R2. LoRA: Low-rank adaptation of large language models. ICLR 2022.
R3. All in One Bad Weather Removal using Architectural Search. CVPR 2020.
R4. Pre-Trained Image Processing Transformer. CVPR 2021.
Minor:
L076: 'draining' --> 'deraining'
L099: 'mim' --> 'min'
L238: 'aspects' --> 'aspects.'
问题
'for mixed degradations, a larger K value is required to handle the more complex situtation' (L264).
Can additional results be provided for alternative hyperparameter settings (eg. K=1 and K=10) in Tab.2, towards evidencing this claim?
局限性
Half of one sentence (L293) is apportioned to discussing method limitations. See above for suggestions on components that might make for valid additions here.
Thanks for your thorough review and valuable feedback.
- Core technical contributions: The core idea of our method is to introduce the paradigm of multi-domain transfer learning into multi-task image restoration, which aims to address the issues of task conflict and feature sharing in multi-task image restoration.
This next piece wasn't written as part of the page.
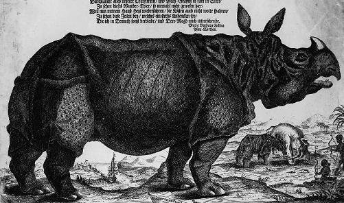 Geplaatst op: 7 december 2006 Hoort bij: Stad toen Een reactie plaatsen“Word hier meede aan alle Heeren en Liefhebbers bekent gemaakt, dat alhier in Groningen is aangekomen een Levende REINOSCEROS of NASEHOORN (…) is omtrent 6 jaaren oudt (…) voor op de neus heeft hy een Hoorn dewelke eerst in ’t 7de Jaar vol uytwast (..) waar meede in de Wildernisse als hy quaat is de aarde geheel omme keert en een gewottelde boom of wat hy aantreft uyt de aarde na agter zig werpt. (…) In ’t lopen is hy niet tegenstaande zyn groote en zwaarte zoo gau, dat hy het snelste Paard voorby lopen zou. Tot een daagelyks voeder gebruykt hy 60 pondt hooy, 20 pondt broot en 14 Emmer water. Het is gevangen doen het 8 daagen oud geweest is, in het gebied van den Grooten Mogol, en van Bengalen over Holland alhier gebragt. Zynde een wonder van de Weereld om gezien te worden.”

This paradigm has not yet been applied in the field of image restoration. Along this line, we focused more on the overall framework rather than technical differences because we believe that the multi-domain transfer learning perspective presented in this paper can inspire more multi-task image restoration methods in the future.
- Method description: Many papers in this field use terms like 'all-in-one'[R1, R2] and 'universal'[R3]. Following these works, we also used the term 'universal.' As you mentioned, multi-task image restoration is more accurate and we will revise this in our paper.
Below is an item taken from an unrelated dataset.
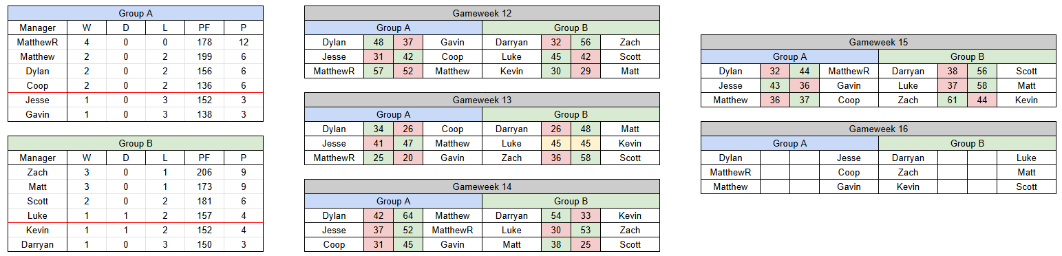 Hello everyone and welcome to week 5 and the final week of the Group Stage in the Boxing Day Bash! Some interesting results across the two groups, headlined by the nailbiter in Group A where Coop beat me 37-36. Jesse also picked up his first 3 points with a 43-36 victory over Gavin! Across the stage in Group B, the biggest result sees Scott pick up a win against Darryan 56-38! Full results are as follows:

- Claim in introduction: Thank you for your suggestion. We will revise the claim in L29 about 'sharing all parameters.' Our intention was to describe how inappropriate parameter sharing can be one of the sources of task conflict, without affecting the validity of the problem itself or our method. Essentially, our method also addresses how to allocate shared versus task-specific parameters. However, the difference is that we provide such an allocation scheme from the perspective of multi-domain transfer learning.
- Thank you for the detailed review of our writing. We will correct these errors and thoroughly check our paper to ensure there are no other mistakes.
- Additional results: The “mixed degradation” column in Table 3 uses the LOLBlur data from Table 2. Each image in LOLBlur contains at least two types of degradation, so the results for K=2 (Top-2) and K=10 (All) are better than K=1 (Top-1), as shown in the “mixed degradation column” in Table 3. Additionally, we synthesized more mixed degradation data as the reviewer nZDS's request. The impact of the hyperparameter K on the results is shown in T1. When the input image has mixed degradations, a larger K will result in better restoration performance.
T1:
| Hazy-Blurry-Boisy | PSNR | SSIM | LPIPS | FID |
|---|---|---|---|---|
| Top-1 | 15.24 | 0.370 | 0.825 | 230.51 |
| Top-2 | 15.31 | 0.373 | 0.818 | 230.26 |
| Top-3 | 15.33 | 0.374 | 0.817 | 230.16 |
| All | 15.33 | 0.374 | 0.817 | 230.17 |
R1. All-in-one image restoration for unknown corruption. CVPR2022.
R2. Promptir: Prompting for all-in-one image restoration.NeurIPS2023.
R3. Selective Hourglass Mapping for Universal Image Restoration Based on Diffusion Model.CVPR2024.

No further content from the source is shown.